The whole process of feature point detection and matching is performed on the image, and the image is stored in the computer memory in the form of two-dimensional array. Compared with the CPU, GPU has great advantages in the operation of two-dimensional array. After the image is divided into blocks by CPU, different blocks are configured into different threads of the GPU. Different image blocks execute the same feature point detection and matching instructions in different threads, so as to realize the parallel acceleration of feature point detection and matching. The specific implementation principle is shown in Section 4.2.

Taking the image pose optimization of a frame as an example, and taking spatial points and pose as optimization variables. It is necessary to select 500∼2000 frames as local maps, search 1000∼6000 spatial points and calculate 200∼800 reprojection errors. The calculation time of each part of the localization process has been tested for several times, as shown in Fig. 5 (b), the result shows that the time of local map feature points search accounts for 43% of the overall localization time, followed by pose optimization, which accounts for 37%, initial pose estimation, which accounts for 19%, and local map construction, accounting for 1%. It can be seen that the calculation time of map point search and pose optimization accounts for 80% of the overall localization part, which has a great space for optimization, as shown in Section 4.3.

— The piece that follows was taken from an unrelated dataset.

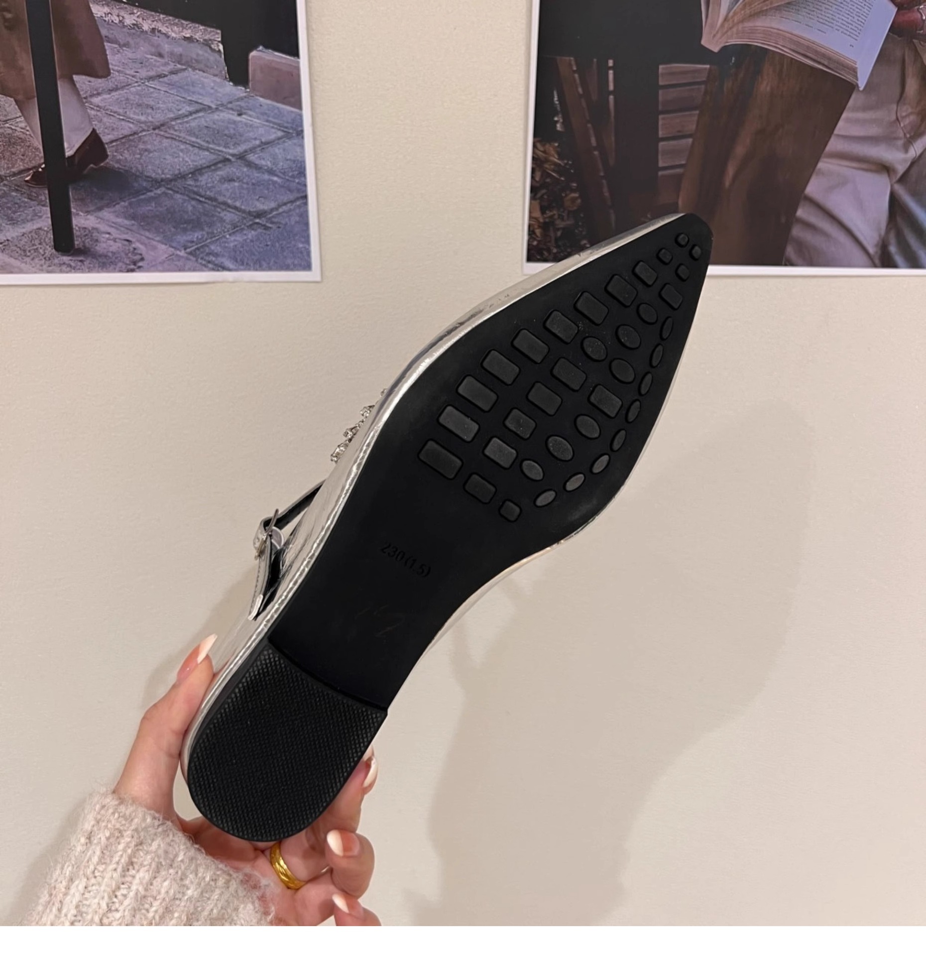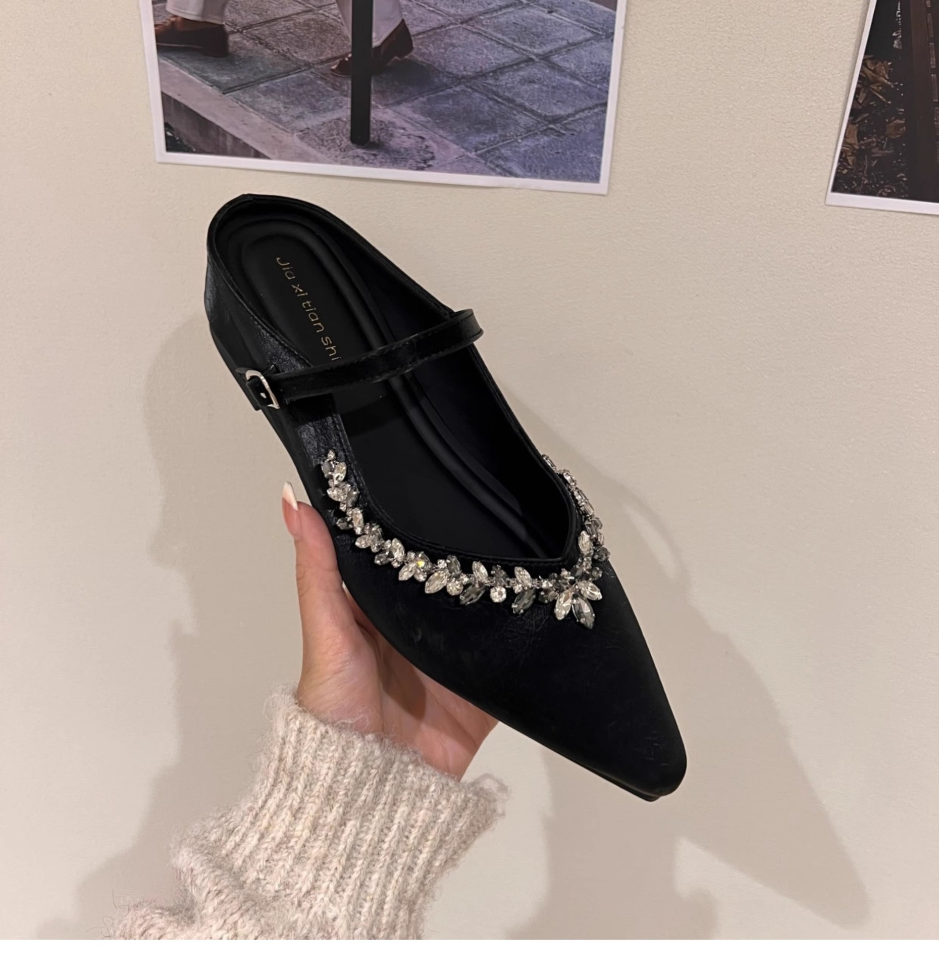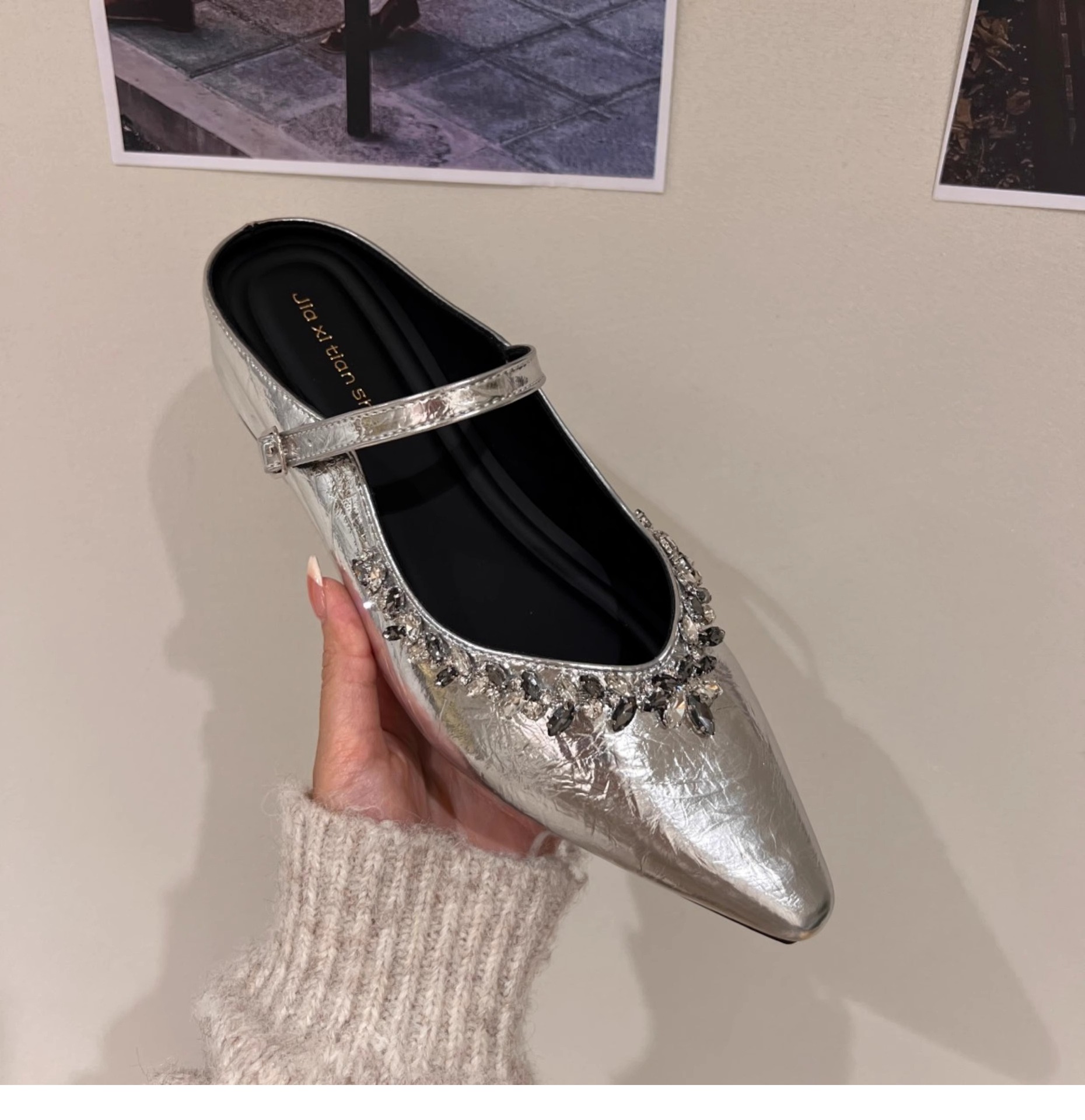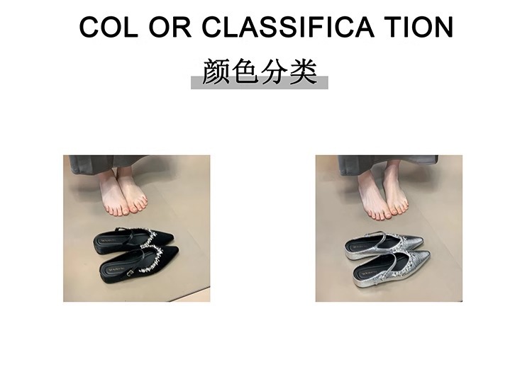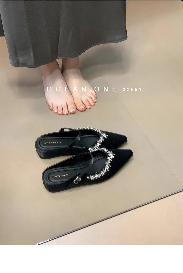 Aumento interior 3CM punta puntiaguda plata diamantes de imitación Baotou medias pantuflas zapatos de mujer ropa exterior 2025 primavera y verano zapatos franceses individuales

4.2 Feature point extraction and matching acceleration under CPU-GPU heterogeneous platform

The programming model under the CUDA software architecture takes the CPU as the host end, and the GPU as the collaboration end, which also called the device side. The host program executes complex logical operations and serial calculations, while the GPU is responsible for executing highly threaded parallel tasks. In this section, under the multi-core CPU and high-performance GPU heterogeneous collaborative computing platform, the most time-consuming part of the tracking thread, that is, the extraction and matching of ORB feature points, is parallelized and accelerated.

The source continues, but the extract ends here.